◆ PROVIDED DATA ◆
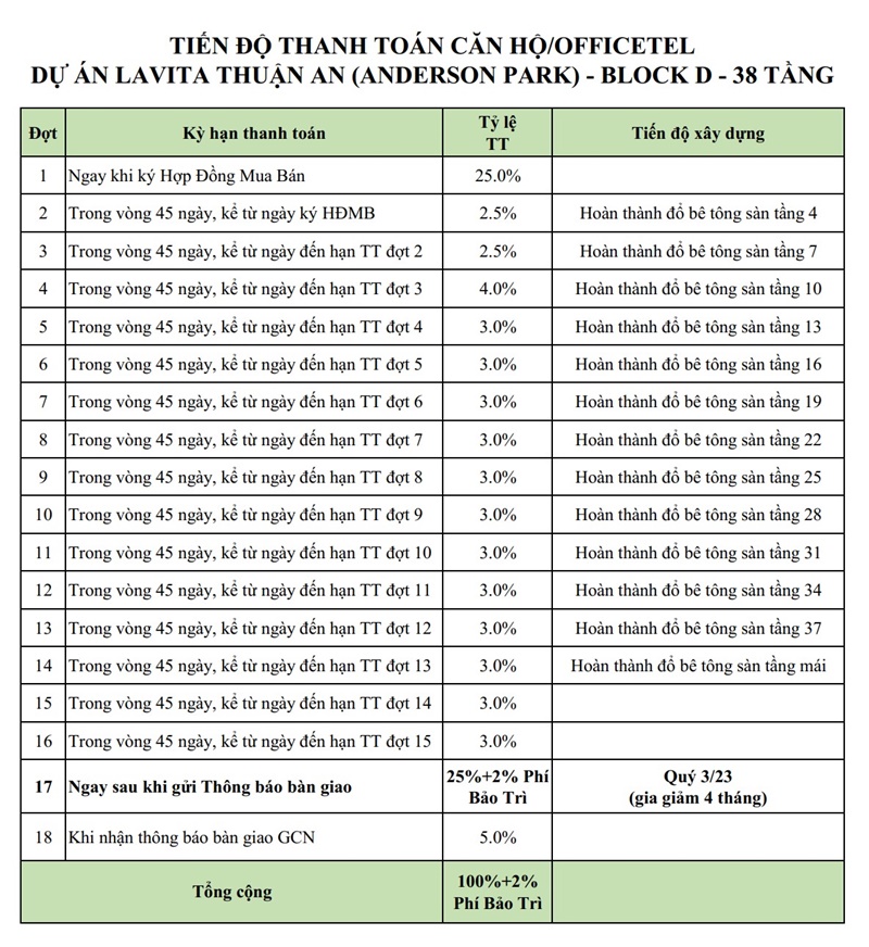 + Chiết khấu 18%/ ngày vượt cho khách hàng thanh toán vượt tiến độ.
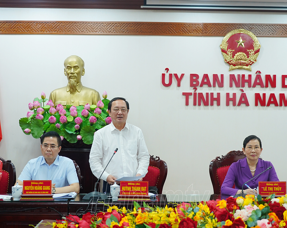 Phát biểu tại buổi làm việc, đồng chí Huỳnh Thành Đạt, Ủy viên Trung ương Đảng, Bộ trưởng Bộ KH&CN ghi nhận, đánh giá cao sự quan tâm đầu tư của tỉnh Hà Nam đối với lĩnh vực KH&CN. Trên cơ sở những tồn tại, hạn chế của hoạt động KH&CN trên địa bàn tỉnh đã được chỉ ra tại hội nghị, Bộ trưởng Huỳnh Thành Đạt đề nghị tỉnh Hà Nam tiếp tục quan tâm, lãnh đạo, chỉ đạo sâu sát hơn nữa đối với hoạt động khoa học, công nghệ và đổi mới sáng tạo trên địa bàn tỉnh. Quan tâm lãnh đạo, chỉ đạo hoàn thiện cơ chế, chính sách và tăng cường đầu tư cho hoạt động Khoa học, Công nghệ và Đổi mới sáng tạo trong thời gian tới, tập trung bố trí nguồn kinh phí đầu tư cho KH&CN phấn đấu đạt 2% tổng chi ngân sách nhà nước hàng năm của địa phương.
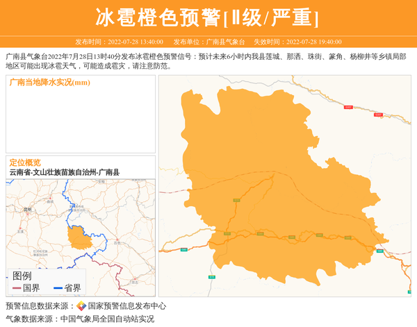 广南县气象台2022年7月28日13时40分发布冰雹橙色预警信号:预计未来6小时内我县莲城、那洒、珠街、篆角、杨柳井等乡镇局部地区可能出现冰雹天气,可能造成雹灾,请注意防范。 信息来源:国家预警信息发布中心; 发布单位:广南县气象台。
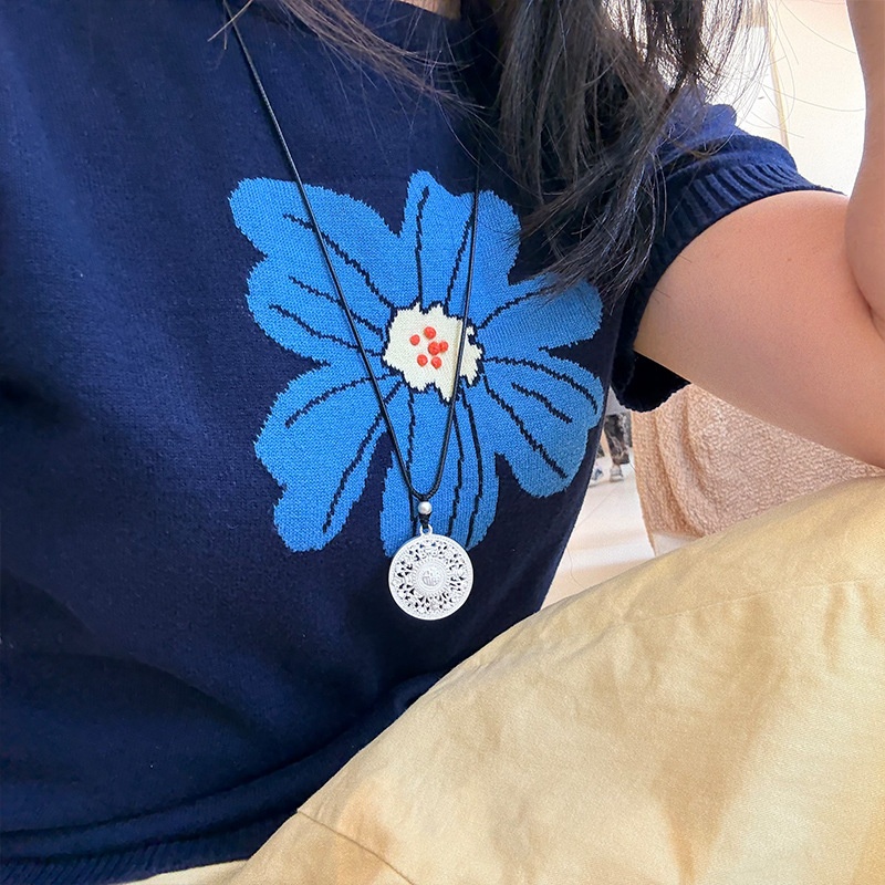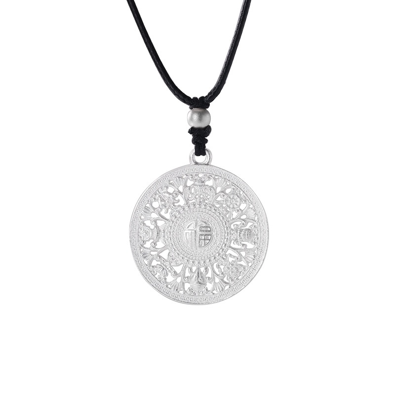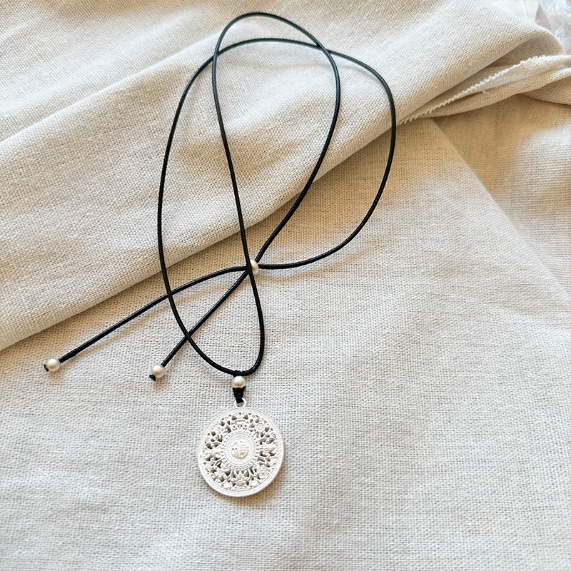 美汝仙 纯银八宝罗盘项链女秋冬款新中式设计黑色皮绳毛衣链轻奢

◆ INSTRUCTIONS TO FOLLOW ◆
When you copy the data, keep every line exact and leave out each picture.

◆ RESPONSE BOX ◆
 + Chiết khấu 18%/ ngày vượt cho khách hàng thanh toán vượt tiến độ.
 Phát biểu tại buổi làm việc, đồng chí Huỳnh Thành Đạt, Ủy viên Trung ương Đảng, Bộ trưởng Bộ KH&CN ghi nhận, đánh giá cao sự quan tâm đầu tư của tỉnh Hà Nam đối với lĩnh vực KH&CN. Trên cơ sở những tồn tại, hạn chế của hoạt động KH&CN trên địa bàn tỉnh đã được chỉ ra tại hội nghị, Bộ trưởng Huỳnh Thành Đạt đề nghị tỉnh Hà Nam tiếp tục quan tâm, lãnh đạo, chỉ đạo sâu sát hơn nữa đối với hoạt động khoa học, công nghệ và đổi mới sáng tạo trên địa bàn tỉnh. Quan tâm lãnh đạo, chỉ đạo hoàn thiện cơ chế, chính sách và tăng cường đầu tư cho hoạt động Khoa học, Công nghệ và Đổi mới sáng tạo trong thời gian tới, tập trung bố trí nguồn kinh phí đầu tư cho KH&CN phấn đấu đạt 2% tổng chi ngân sách nhà nước hàng năm của địa phương.
 广南县气象台2022年7月28日13时40分发布冰雹橙色预警信号:预计未来6小时内我县莲城、那洒、珠街、篆角、杨柳井等乡镇局部地区可能出现冰雹天气,可能造成雹灾,请注意防范。 信息来源:国家预警信息发布中心; 发布单位:广南县气象台。
 美汝仙 纯银八宝罗盘项链女秋冬款新中式设计黑色皮绳毛衣链轻奢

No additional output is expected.